Data block.

<<<<

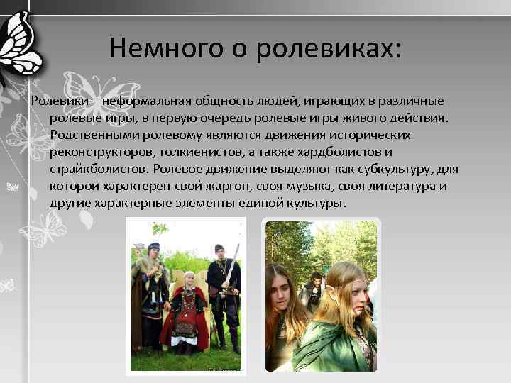 Немного о ролевиках: Ролевики – неформальная общность людей, играющих в различные ролевые игры, в первую очередь ролевые игры живого действия. Родственными ролевому являются движения исторических реконструкторов, толкиенистов, а также хардболистов и страйкболистов. Ролевое движение выделяют как субкультуру, для которой характерен свой жаргон, своя музыка, своя литература и другие характерные элементы единой культуры.
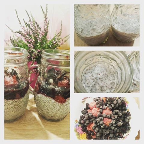 .Nasiona chia w kąpieli migdałowej w towarzystwie owoców leśnych.
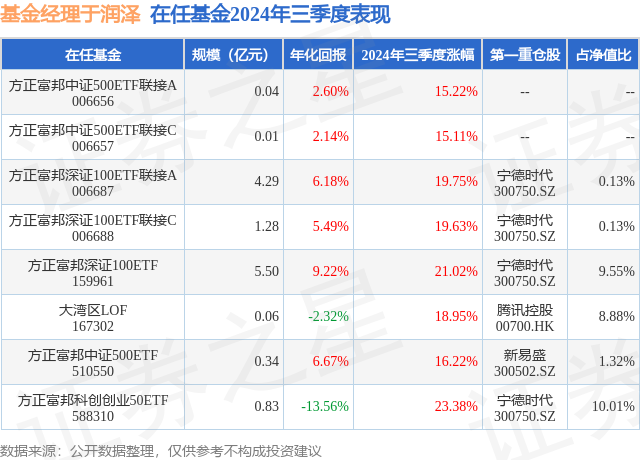 从基金规模来看,方正富邦深证100ETF联接A基金2024年三季度公布的基金规模为4.29亿元,较上一期规模3.99亿元变化了3035.57万元,环比变化了7.61%。该基金最新一期资产配置为:股票占净值比1.36%,债券占净值比0.18%,现金占净值比5.27%。从基金持仓来看,该基金当季前十大股票仓位达0.54%,第一大重仓股为宁德时代(300750),持仓占比为0.13%。

>>>>

Your task. Reproduce each line above precisely, with no pictures.

Completed task.
 Немного о ролевиках: Ролевики – неформальная общность людей, играющих в различные ролевые игры, в первую очередь ролевые игры живого действия. Родственными ролевому являются движения исторических реконструкторов, толкиенистов, а также хардболистов и страйкболистов. Ролевое движение выделяют как субкультуру, для которой характерен свой жаргон, своя музыка, своя литература и другие характерные элементы единой культуры.
 .Nasiona chia w kąpieli migdałowej w towarzystwie owoców leśnych.
 从基金规模来看,方正富邦深证100ETF联接A基金2024年三季度公布的基金规模为4.29亿元,较上一期规模3.99亿元变化了3035.57万元,环比变化了7.61%。该基金最新一期资产配置为:股票占净值比1.36%,债券占净值比0.18%,现金占净值比5.27%。从基金持仓来看,该基金当季前十大股票仓位达0.54%,第一大重仓股为宁德时代(300750),持仓占比为0.13%。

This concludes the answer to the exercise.